Specific domain search from the constructed gene cascade

Each direct target gene was rooted, and the functions of their bottom genes were investigated using Pfam [41] in UniProt [42]. The P-values of the domains from the bottom gene products were evaluated using the same formula for Gene Ontology in Panther [44]. If the transcription-related domain was extracted from a cascade, the cascade was no longer considered since it would be functioning only after the early embryo stage.

Results and discussion

In this work, we developed a novel software that is useful to predict the gene cascade during C. elegans development. To evaluate the accuracy of the gene cascades that were predicted by GCF, we performed the following. First, we isolated candidate direct target genes of the polarity mediators using RNA-seq data by comparing the data for wild type and each mutant of the polarity mediators, SPN-4, MEX-1 and MEX-3. Next, GCF predicted the gene cascades from the candidate direct target genes localized at the top of the gene cascade. In this step, information that is stored in WormBase was used to predict the gene cascade. Finally, we assumed that the GCF gene cascade prediction might be accurate when the predicted gene cascade may have an essential role in early embryogenesis and may regulate any signaling pathway. Our purpose was assumed to be achieved when the predicted gene cascade was obtained previously or was considered to be useful for further detailed analysis of the cascades involved in C. elegans embryonic development. Although we used GCF to predict the polarity mediator gene cascade, it is applicable to analyze any other query gene.
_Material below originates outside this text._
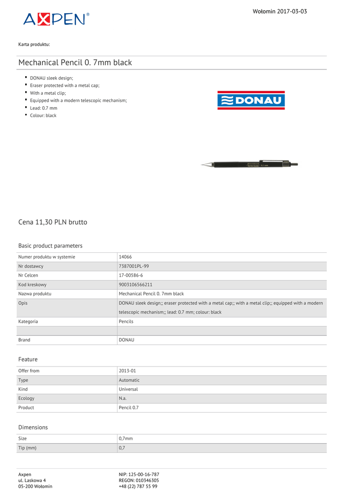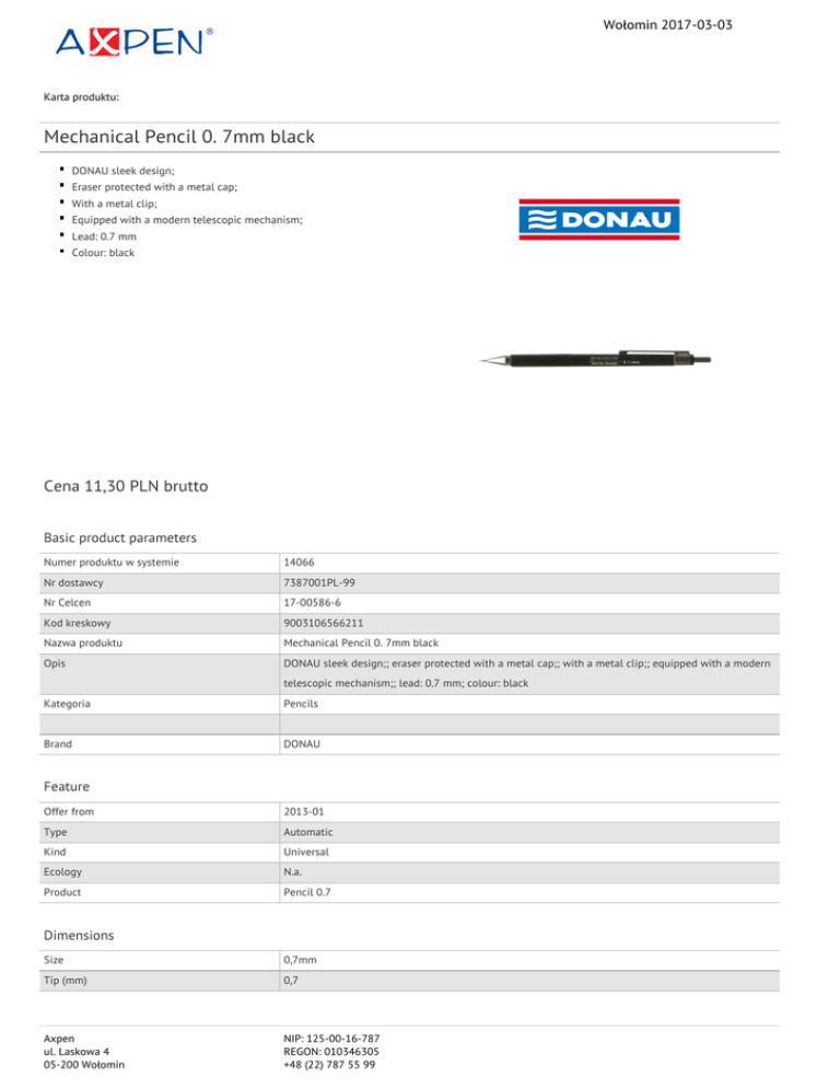 Wołomin 2017-03-03 Karta produktu: Mechanical Pencil 0. 7mm black DONAU sleek design; Eraser protected with a metal cap; With a metal clip; Equipped with a modern telescopic mechanism; Lead: 0.7 mm Colour: black Cena 11,30 PLN brutto Basic product parameters Numer produktu w systemie 14066 Nr dostawcy 7387001PL-99 Nr Celcen 17-00586-6 Kod kreskowy 9003106566211 Nazwa produktu Mechanical Pencil 0. 7mm black Opis DONAU sleek design;; eraser protected with a metal cap;; with a metal clip;; equipped with a modern telescopic mechanism;; lead: 0.7 mm; colour: black Kategoria Pencils Brand DONAU Feature Offer from 2013-01 Type Automatic Kind Universal Ecology N.a. Product Pencil 0.7 Dimensions Size 0,7mm Tip (mm) 0,7 Axpen ul. Laskowa 4 05-200 Wołomin NIP: 125-00-16-787 REGON: 010346305 +48 (22) 787 55 99 Wołomin 2017-03-03 Karta katalogowa produktu cd. Mechanical Pencil 0. 7mm black Procurement vocabulary CPV 30192131-8 Ołówki automatyczne Certifications New product Standard Hit Standard Colour Colour Black Serdecznie zapraszamy do współpracy Axpen zespół. Axpen ul. Laskowa 4 05-200 Wołomin NIP: 125-00-16-787 REGON: 010346305 +48 (22) 787 55 99

Analysis of mRNA expression by comparative RNA-Seq

To explore polarity mediator-dependent mechanisms, the effects of deficiencies in polarity mediators were analyzed by performing RNA-Seq analysis in early embryos. From the results of comparative RNA-Seq of the wild-type strain and the spn-4, mex-1, and mex-3 mutant strains, 15,288, 15,265, and 15,005 genes were identified, respectively (S8 Table). In these gene groups, expression level fluctuations were calculated by examining the median ± quartile deviations. From this analysis, 6,417 genes distributed at −0.65 < log2 (RNA expression level ratio) < 0.69 in the spn-4 gene, 6,456 genes distributed at −0.74 < log2 (RNA expression level ratio) < 0.82 in the mex-3 gene, and 6,491 genes distributed at −0.82 < log2 (RNA expression level ratio) < 1.10 in the mex-1 gene were defined as genes showing no expression level variations (S9 Table).

Gene cascade prediction using Gene Cascade Finder

As shown in S1 Table, gene cascade prediction was performed by inputting data obtained by comparative RNA-Seq into GCF. GCF can predict gene cascades by continuously integrating the results from RNA-Seq along with data on gene expression and intermolecular interactions from WormBase. In total, 127, 180, and 226 gene cascades were predicted from 6,418, 6,457, and 8,513 genes from the comparative analysis of the spn-4, mex-1, and mex-3 mutant strains, respectively (Fig 2, S3 Fig and S7S9 Tables).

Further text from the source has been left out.